Chromap read format #154

Closed mei-knudson closed 6 months ago

mei-knudson commented 6 months ago

Submitting this as a draft

Removing correcting and trimming Removing "no_align" pipeline mode Adding get_read_format task prior to Chromap

Not sure if we need to add any additional logic Not sure if it would make more sense to have the read format task input be fastq_barcode[0] instead of read2[0] Would appreciate feedback on task name, variable names, structure or anything else

mei-knudson commented 6 months ago

why STARsolo doesn't need to have the parameters updated?

You mean for specifying where the barcodes are? For STARsolo, I used negative indexing to specify the barcode positions; since it's indexing from the end, the R2 read length doesn't matter. But it makes sense that we might want to pass in our own read_format, I'll try to make the STARsolo task accommodate that

mei-knudson commented 6 months ago

Made suggested changes (tee, get_chromap_read_format, fastq = fastq_barcode[0]).
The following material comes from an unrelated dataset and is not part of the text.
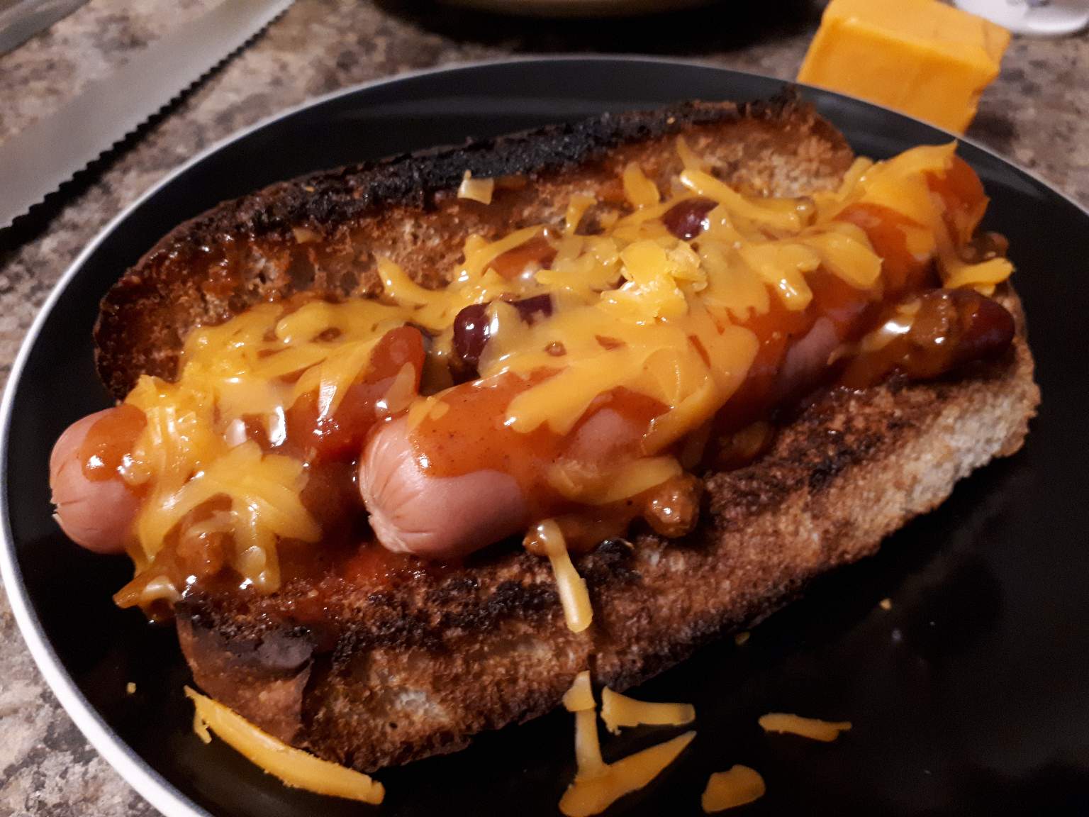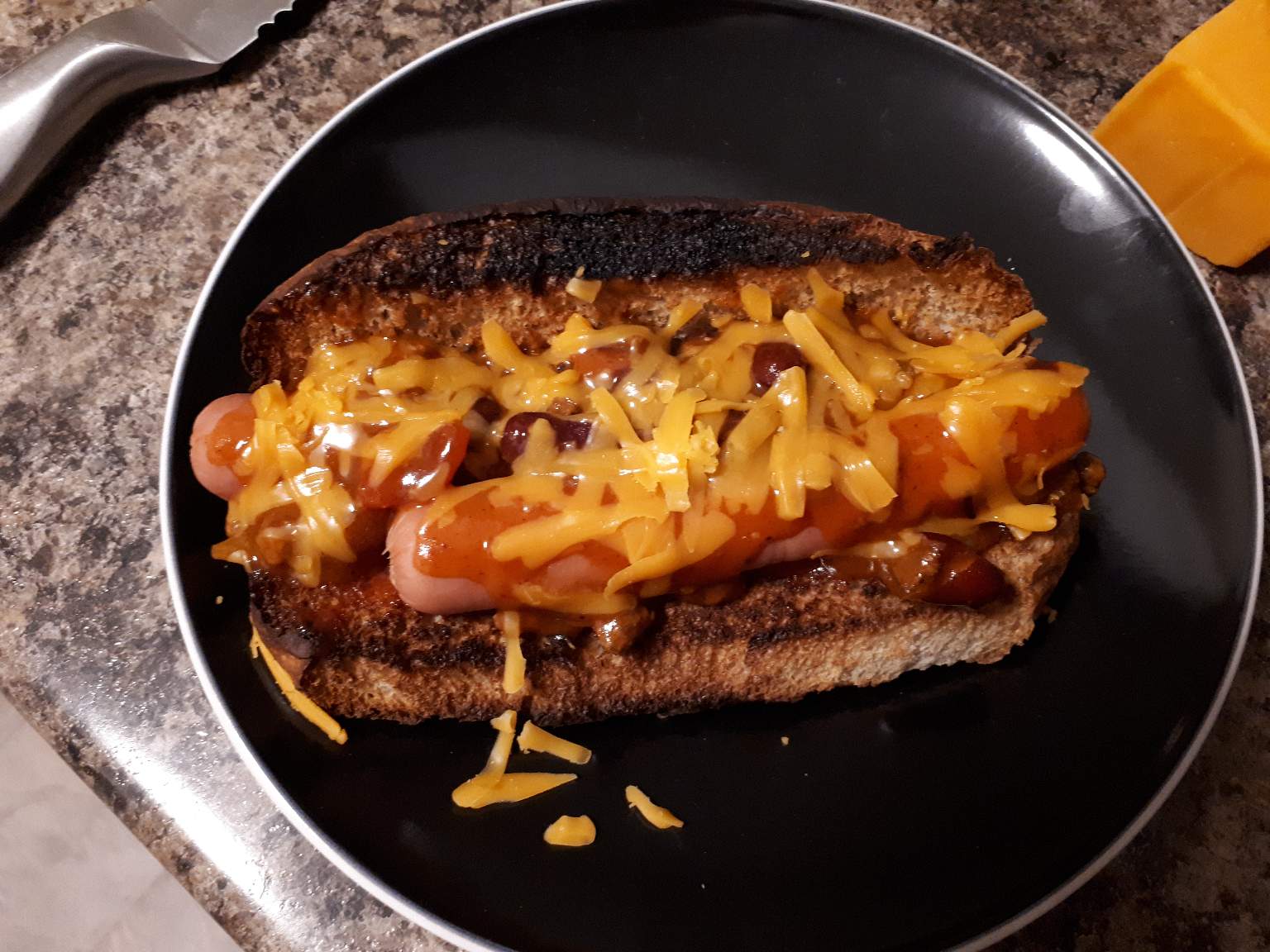 I toasted the bun in the toaster oven, put two boiled hot dogs on top, which were plump actually when I first took them out but not overly plump as to over cook them. I then put a couple of tablespoons of cooked canned *Stags" chili on top, then I added grated cheddar cheese! The heat from the Chili melted the Cheese! ***Glad you liked my dogs @intelliguy , thanks!๐๐๐

I changed the logic in subwf_atac so that task_chromap_read_format is called if chemistry=='shareseq' AND read_format is not defined, so that we can pass in a custom read_format for SHARE. I set the default value of read_format to "bc:0:-1,r1:0:-1,r2:0:-1" in the chromap task (would be used for 10X).

I added a soloCBposition input for STARsolo and set the default value to be the string we use for specifying the SHARE barcodes. The default should be ok since we don't use soloCBposition when we run STARsolo on 10X.

Tested both chromap and STARsolo, ran successfully